The present study examines clonal variations in NK sensitivity in a methylcholanthrene-induced fibrosarcoma. Previous studies of clones from this tumor have shown considerable heterogeneity in H-2 expression, and an association between deleted or low levels of class-I products and increased tumorigenicity after subcutaneous implantation in immunocompetent syngeneic mice. Here, fibrosarcoma clones with no or low expression of MHC-class-I products were found to be sensitive to NK-mediated lysis, while clones with high levels of MHC-class-I expression were relatively resistant. One H-2+ (G2) and one H-2- (B9) clone were chosen for more detailed studies. Cold-target competition assays and conjugate cytotoxicity assays in agarose showed that splenic effector cells bound equally well to the H-2+ and H-2- tumor clone, although only the latter was sensitive to NK cell lysis. Treatment with 50 U/ml of rIFN-gamma for 48 hr increased the levels of H-2 expression and made both clones more resistant to NK-mediated lysis.
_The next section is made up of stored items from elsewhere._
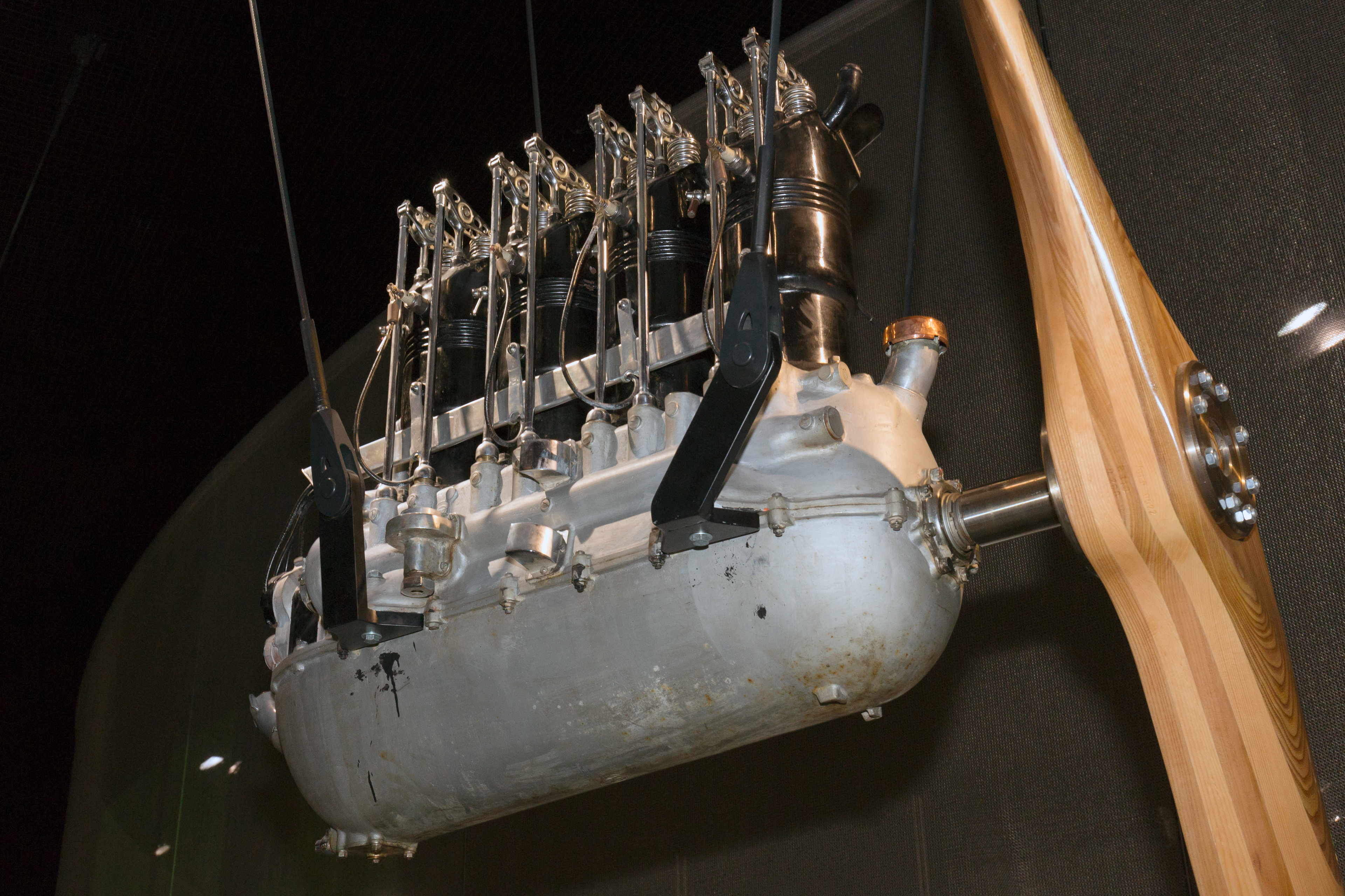 1912 Benz FX aircraft engine
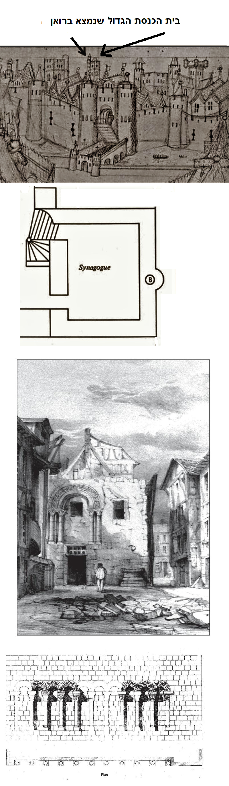 בית הכנסת בגטו רואן שבצרפת
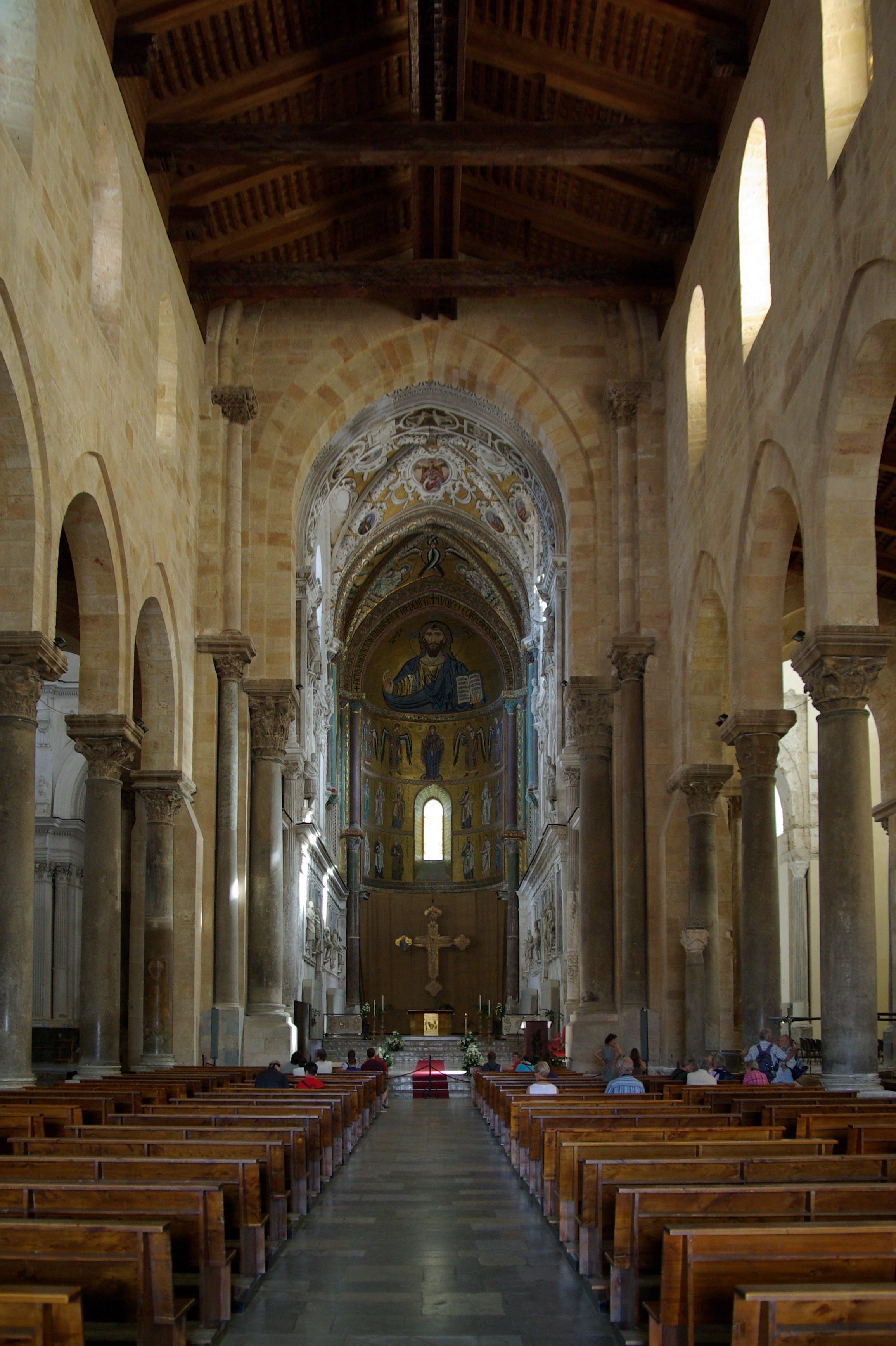 Italy, Sicily, Cefalù, cathedral
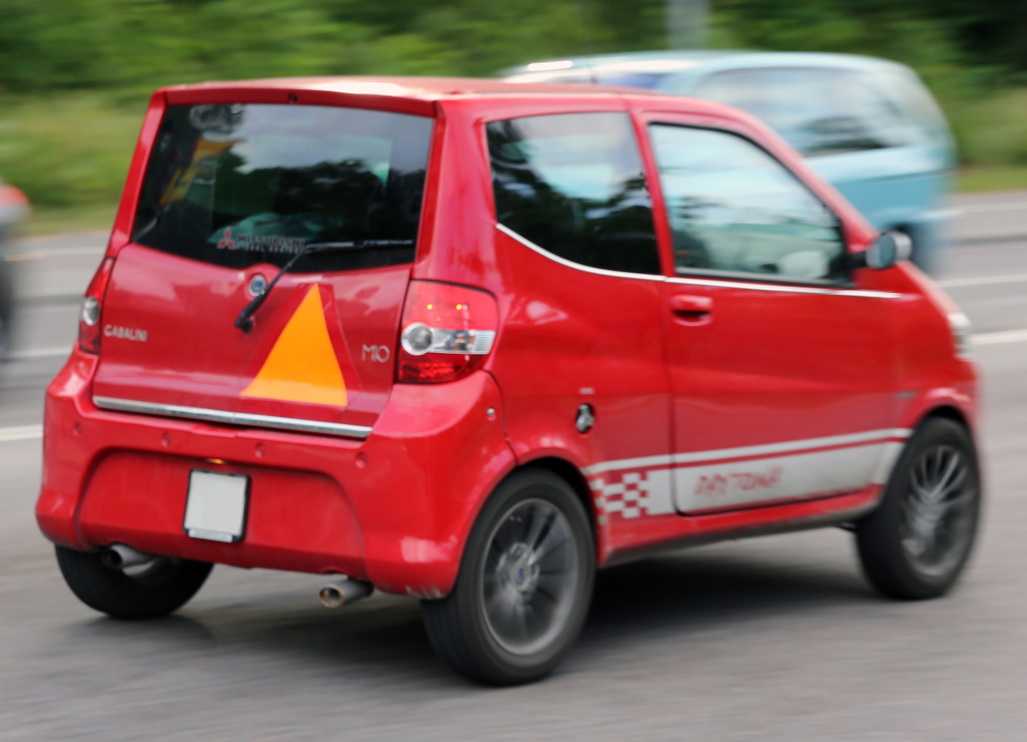 Rear of a 2011 Casalini M10 Daytona (series 72) on the move, 635cc Mitsubishi diesel engine with 3.9kW. Engine number 46432. The warning triangle is to announce that this car, classified as a moped in Sweden, cannot be drien on highways.
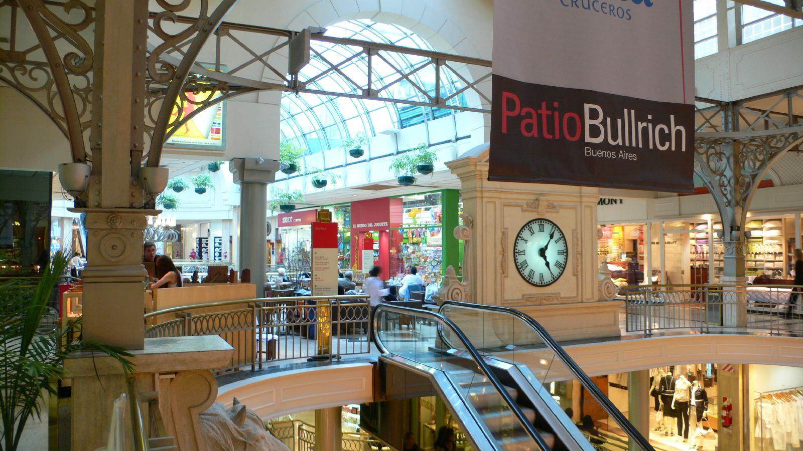 Interior view of the Patio Bullrich Shopping Arcade, Buenos Aires.
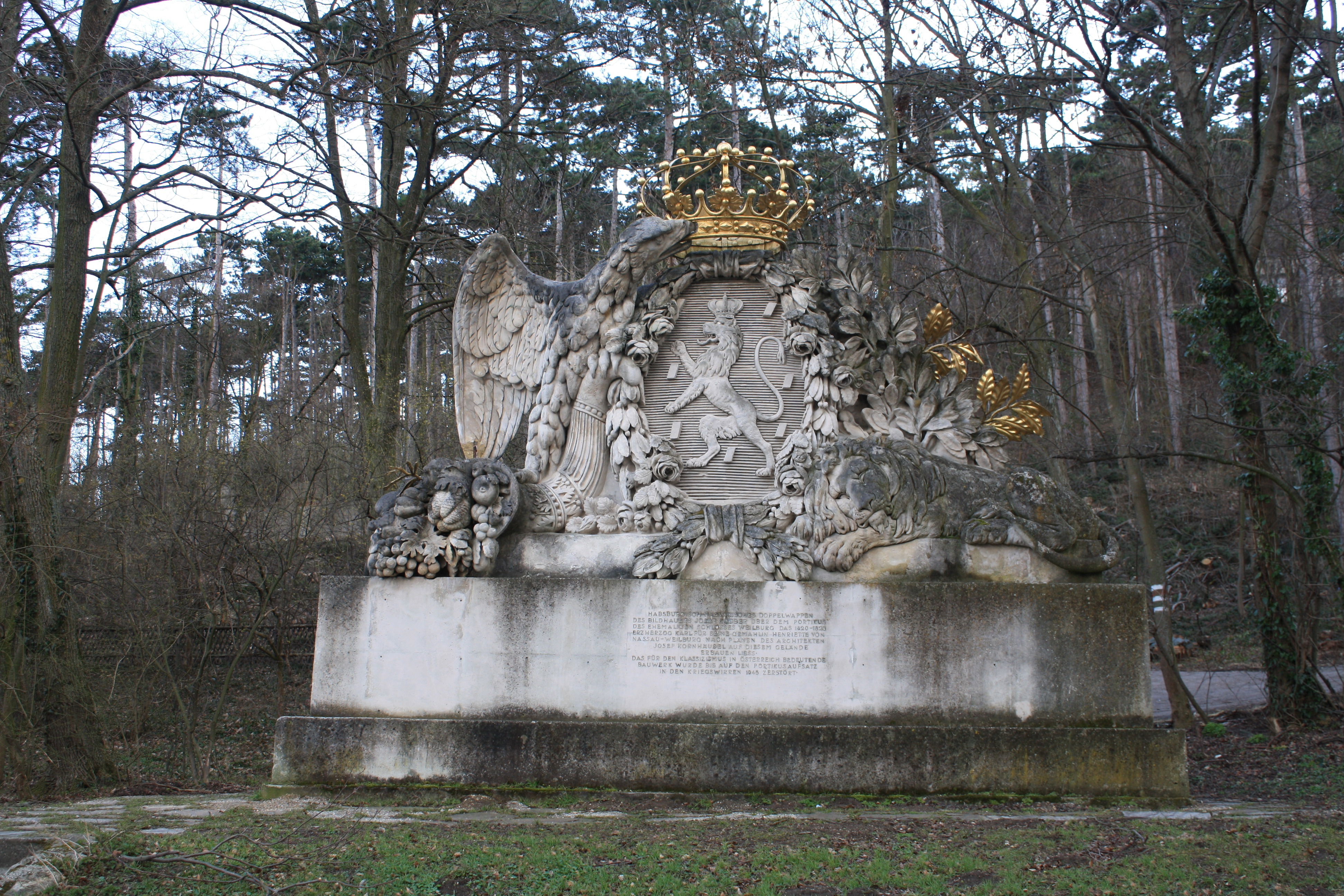 Rest of Weilburg in Baden bei Wien, Lower Austria
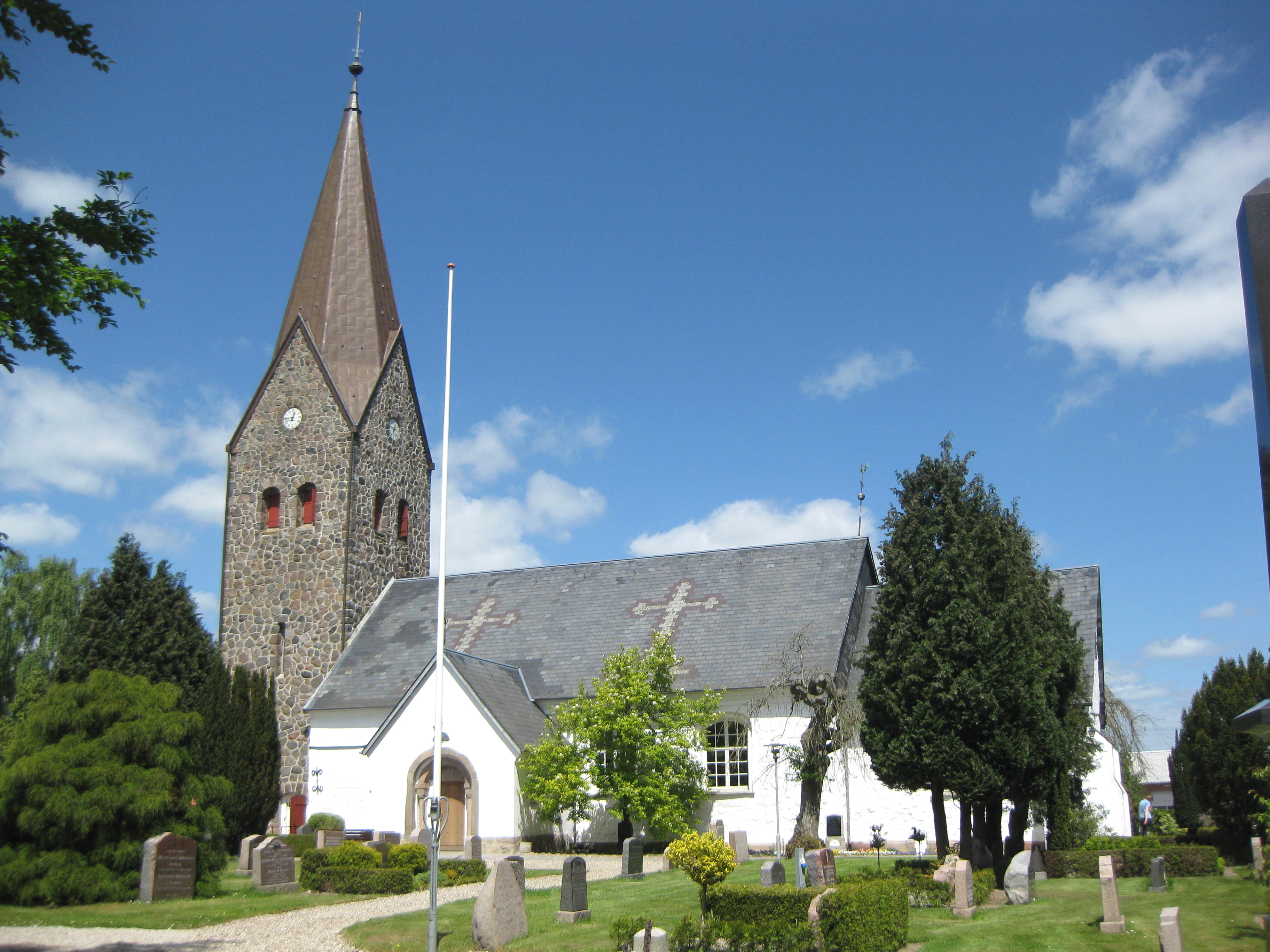 The church "Bov Kirke" in the northern part of the small town "Padborg". The town is located in Southern Jutland, Denmark, close to the German border.
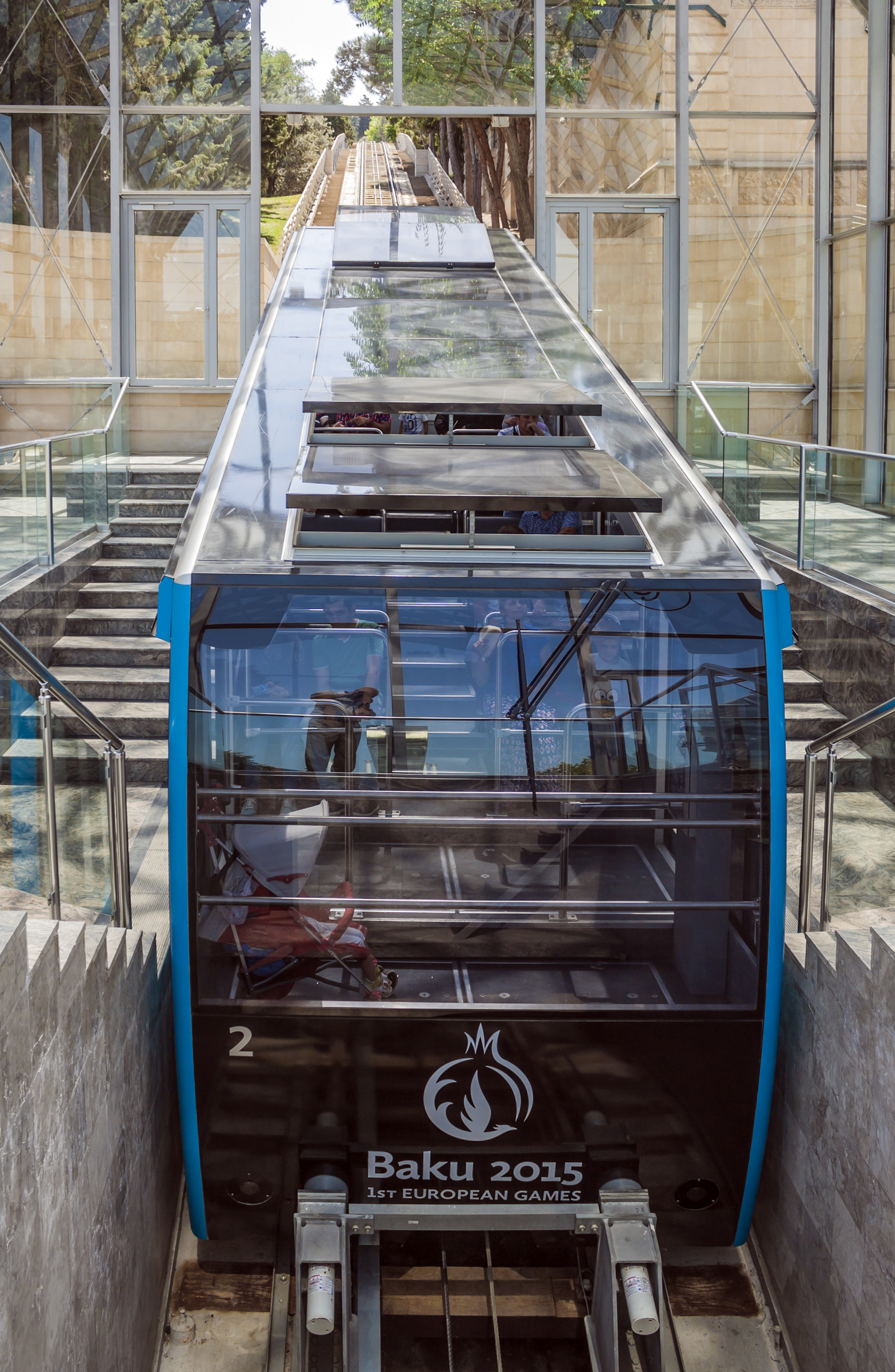 The car of the Baku funicular station
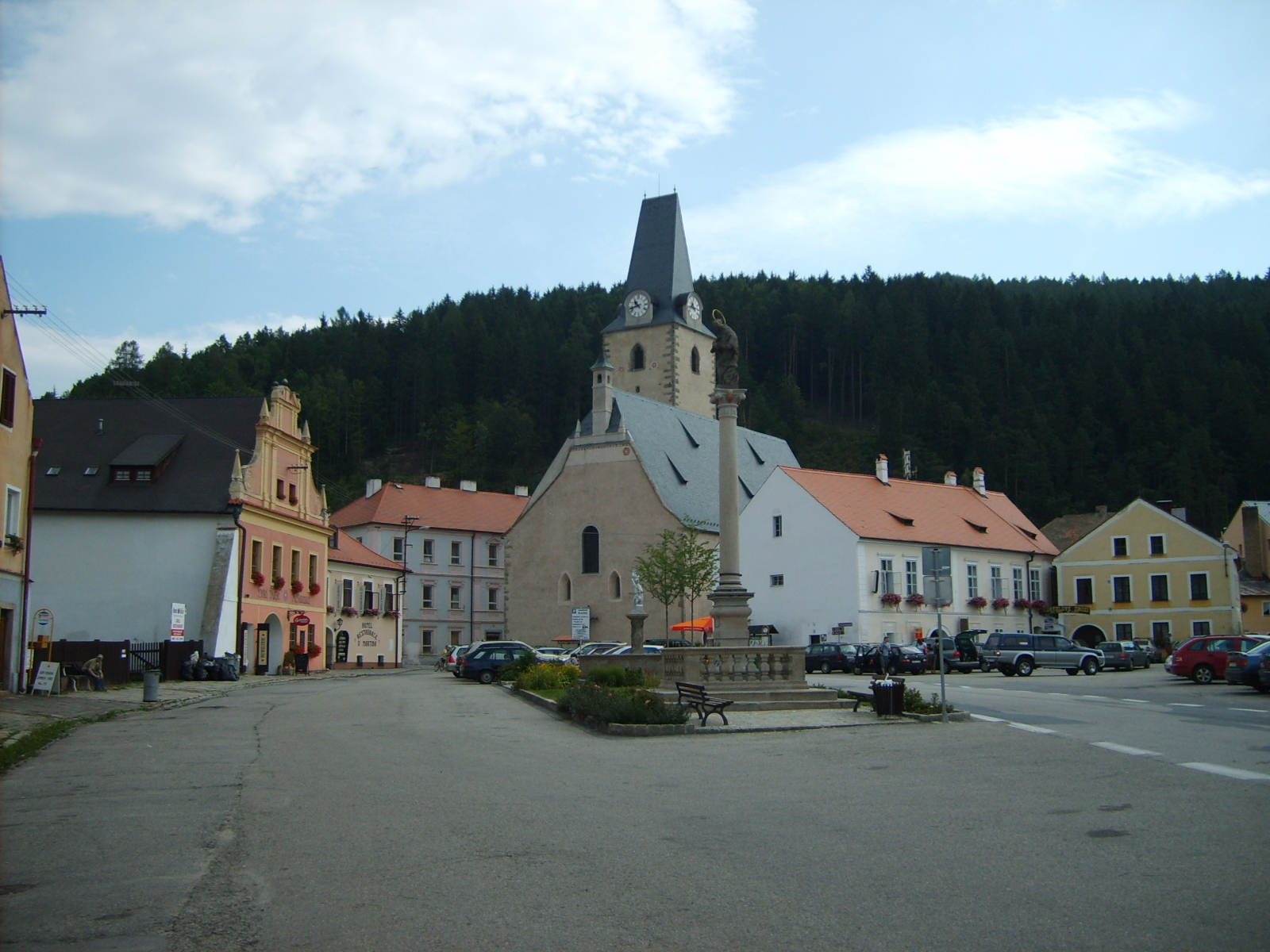 Square in Rožmberk nad Vltavou
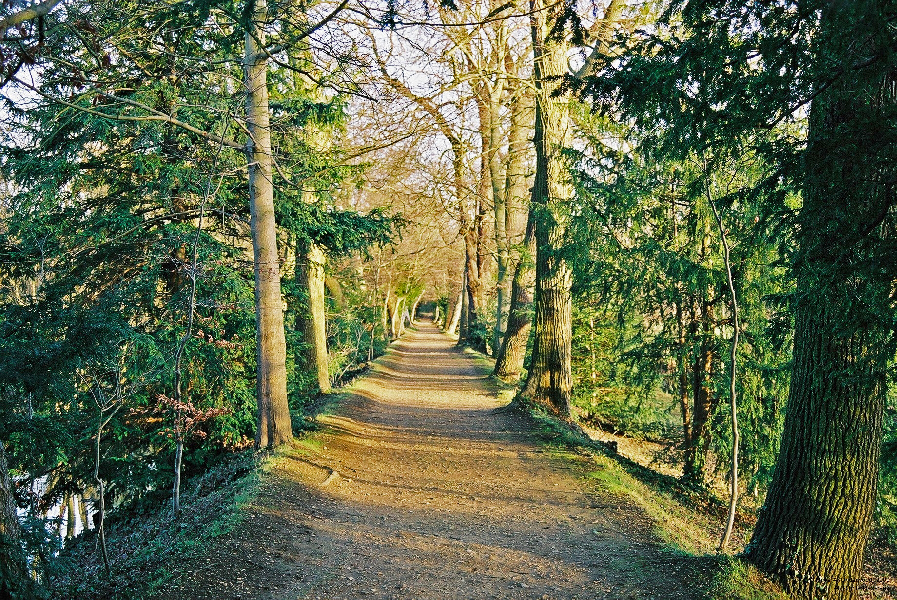 Addison's Walk, Magdalen College, Oxford, England

In vivo studies with radiolabelled tumor cells showed that cells from the H-2+ clone survived better than cells from the H-2- clone in the pulmonary capillary bed after i.v. inoculation. This difference disappeared in mice treated with anti-asialo GM1 serum, known to deplete NK cell activity.

Generation of syngeneic anti-tumour double negative cells (CD4- CD8-), with cytotoxic activity against clones of different MHC class I expression

In vivo immunization and secondary culture techniques were used to generate cytotoxic T lymphocytes against a tumour cell clone obtained from a methylcholantrene-induced fibrosarcoma. Our CTLs differed from classical CTLs (Ly2+ and MHC restricted) in that our lymphocytes exhibited a non-MHC restricted cytotoxic activity directed to the original tumour and to other MCA-induced tumours, but have failed to demonstrate any killing activity against a wide range of tumour cell lines of diverse origin (including NK sensitive targets). Depletion and phenotypic studies demonstrated that these cells bear the Thyl.2 antigen but are negative for both Ly2 and L3T4 antigens. These CTLs may belong to a double negative subset (CD4-, CD8-) involved in the anti-tumour response.